Mei Ju-ao (; 7 November 1904 – 23 April 1973) was a Chinese jurist, professor, politician and author.

Education
Mei was born in Nanchang, in eastern China's Jiangxi province. At the age of 12, Ju-ao was admitted into a school on the site of what is now Tsinghua University, moving from Nanchang to Beijing in pursuit of a good education. After graduating, he received financial assistance to study at Stanford University in California, graduating with a bachelor's degree in Liberal Arts in 1926. While there, he was elected a member of Phi Beta Kappa Society. Mei later received a doctorate in law (Juris Doctor) from the University of Chicago in 1928. After spending a year traveling around Europe, Mei returned to China in 1929.

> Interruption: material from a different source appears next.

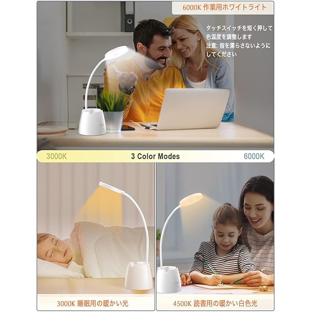 <b>1.輪状デザイン:</b>本デスクライトは輪状デザインを使用し、朝の日差しのように柔らかくて目にも優しい。24個のランプ素子を科学的に設置し光の重ねる影を軽減します。もっとはっきりに見える読書の環境を提供します。 <p><br><b>2. 3つの照明モード(ワンタッチでモードを切り替える)</b> <p><b>白い光モード:</b>色温度は6000Kで、照明条件が厳しく要求されてる仕事に適用します。 <p><b>暖かい光モード:</b>色温度は3000Kで、オレンジっぽく温かみのある光の色。落ち着いた雰囲気になるので夜の読書におすすめ。 <p><b>暖白い光モード:</b>色温度は4500Kで、少しオレンジっぽい白光の色、温かみの雰囲気とともに厳しい照明条件を要求する方におすすめ。 <p><br><b>3.自由に明るさが調整でき、明るさのメモリ機能付き</b> <p>本卓上ライトは3つの照明モードがすべて明るさ調整機能があり、タッチボタンを長押して明るさを自由に調整できます。あなたのニーズに合わせて、もっともふさわしい明るさまで調整できます。一度に電源を切って、再び点灯し、この前に設定された明るさのままに光ります。 <p><b>4.省スペース:</b>本ledデスクライトはミニサイズで、省スペースという点もかなり魅力!

He served as professor of law at Nankai University and Fudan University, as a legal adviser to the Ministry of the Interior of the Nationalist Government, and as a member of the Legislative Yuan.

Tokyo Trials
During the period of 1946–48, Mei was the Chinese judicial delegate to the International Military Tribunal for the Far East. He participated in the trials of Japanese war criminals shortly after the Second World War.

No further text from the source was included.